Why would did she approach the subject this way, instead of just lecturing about the issues and telling us what the "researches" have to say?
Because she did not want these subjects to fall on deaf ears. She wanted us to take these issues to heart and use our own knowledge about teaching to find constructive solutions that could be utilized in our classrooms.
She said, "We remember 90% of what we do, and about 5% of what we are told."
The reason I am telling this story is because I believe it exemplifies my own theories of how our minds learn.
I believe that people can only acquire new information if they are able to make the information personal to them in some way. Information becomes personal if we experience it, or in other words actively make meaning of it by engaging in thoughtful group work or some other hands on task. Learning may also occur when we reflect on new information and connect it to what we already know, or think about how this new information can be utilized in the future.
Optimal learning will take many forms, and vary from person to person. But it will never be passive. I do not believe that anyone will truly learn something just by hearing it. If someone does claim that they learned a fact, or string of facts, by lecture alone, then I believe this is because the person connected themselves to the facts, analyzed them and made them applicable to his/her life. The information was not just heard then stored forever.
My ideas about how learning takes place, mirror the theory in educational psychology called constructivism. According to constructivist theories of learning, "...Learners must individually discover and transform information..."(Slavin) In my personal experience, to learn a subject is to own the subject, and be capable of explaining in a multitude of ways, which can only be done once we have applied our own selves to the information.
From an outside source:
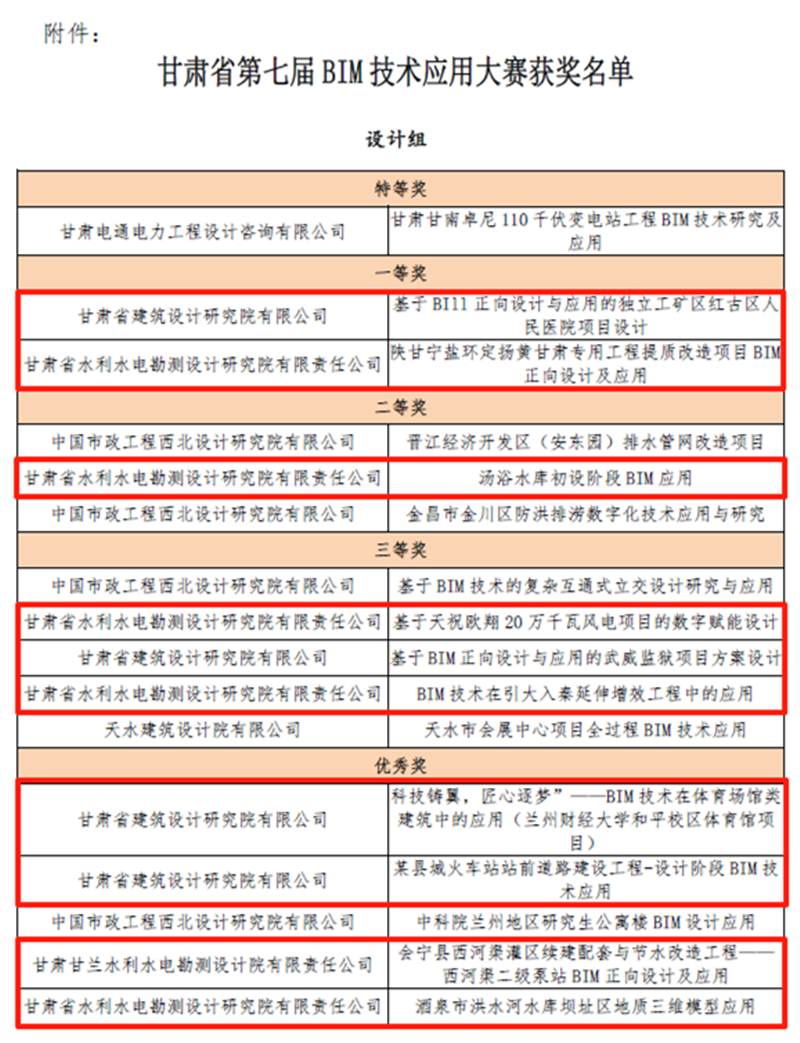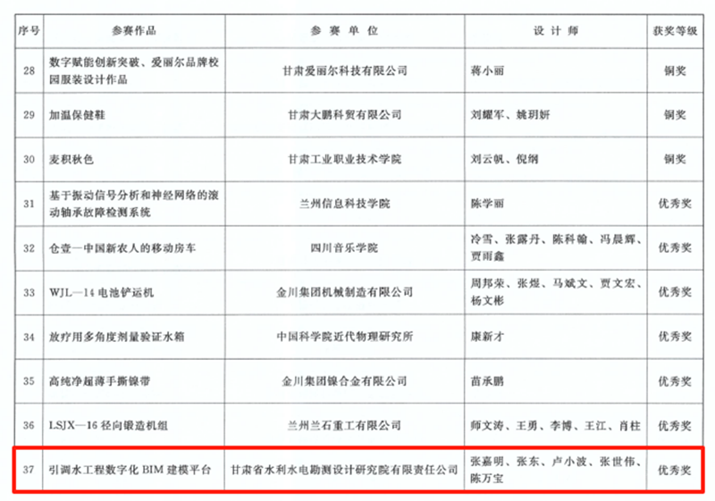 在甘肃省第七届BIM手艺应用大赛中,修建设计院、水电设计院报送的项目共斩获12项奖励,包办了设计组16个奖项中的10项。在甘肃省第五届“立异杯”工业设计大赛中,水电设计院《引调水工程数字化BIM建模平台》项目获优异奖。在第十七届全省职工优异手艺立异效果奖中,水电设计院、土木匠程院申报的两个项目分获立异效果奖三等奖,其中,《弃渣场三维设计平台》项目是全省水利系统唯一获奖效果。

1. Slavin, Robert E. Educational Psychology. 2009. Person Education Inc. New York.

Friday, September 18, 2009

So we know how we don't want to teach, now lets move on... (Blog Assign 1)
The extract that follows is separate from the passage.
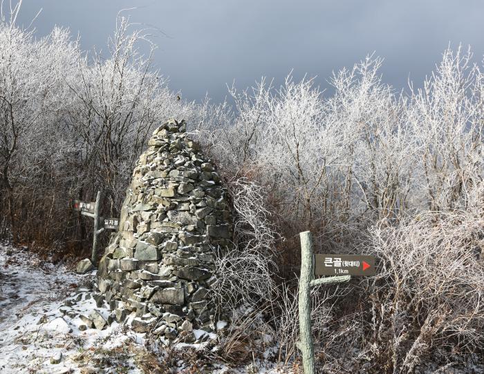 영양군 일월산지에 10일 오전 첫 눈이 내렸다.

The most unfortunate part of many courses on education is that they focus too much on blaming "old" teachers and traditional teaching practices. With all due respect to the instructor, I am so sick of hearing people bitch about the teachers who used lecture as their primary method of instruction. Yes it is true that lecturing and memorization are probably (or most definitely) not the most ideal or effective means of teaching, but I honestly believe that if a cure all for education really exists then it would have been discovered a long time ago. But until then, we will have to just continue to learn from past mistakes and work harder to become the most effective teachers possible. And doing this does not mean we point the finger at the past; it means we take a close look at our students and reflect upon was teaching methods proved to be the most effective.
I think the real reason that this issue irks me so much is that although I have met teachers who probably should have retired long ago, I have never met a cruel intentioned teacher. One can safely assume that most teachers were not drawn to the field for monetary reasons, but instead because they valued knowledge and wanted to spread their passion onto young minds. Perhaps the teacher never really knew the best way to do this, and was taught that lecturing and memorization were the traditional methods and should be upheld. But does anyone know how to teach every student?
What I would have liked is an expanded explanation of what is meant the by, "... Many instructional materials and much teacher behavior..." that suggest teachers believed information could just be dumped into the minds of children and then recalled for life. Surely these teachers know from their own experiences that everything learned in school cannot be reiterated for life.
But enough of my venting, and back to the question at hand: "Is teaching the transfer of information?" Well, that depends of if we mean transferring the information from the teachers mind to the student, or transferring the information into something that the student can make meaning of and enough connections to so that the information does not stand in isolation; irrelevant to the learner and therefor unnecessary to learn. Many of the ideas we had regarding "How We Learn" centered around the student thinking about the information: connecting new knowledge to old, problem solving, exploration, reflecting...
In all of the circumstances the student does not receive the information passively, which would be the case if we expected information just automatically be transferred from the teacher's mouth to the student's brain.
I have worked in 5 different schools over the past 6 years, and at each school I found a wide variety of teachers who wanted only the best for their students, and were devoted so much to their students that they continued to revise their curriculum as new research emerged. And of course I found those teachers who refused to budge from their traditional teaching methods. It's unfortunate, but it seems to be a dying breed.
I think that we could go on forever complaining about what is wrong with education, but was interests me more is what I learn when I close the education text books and allow the students to be my teachers. Because, to me, real education is experience and nothing gives me better experience than just working with the students and analyzing what works and doesn't work.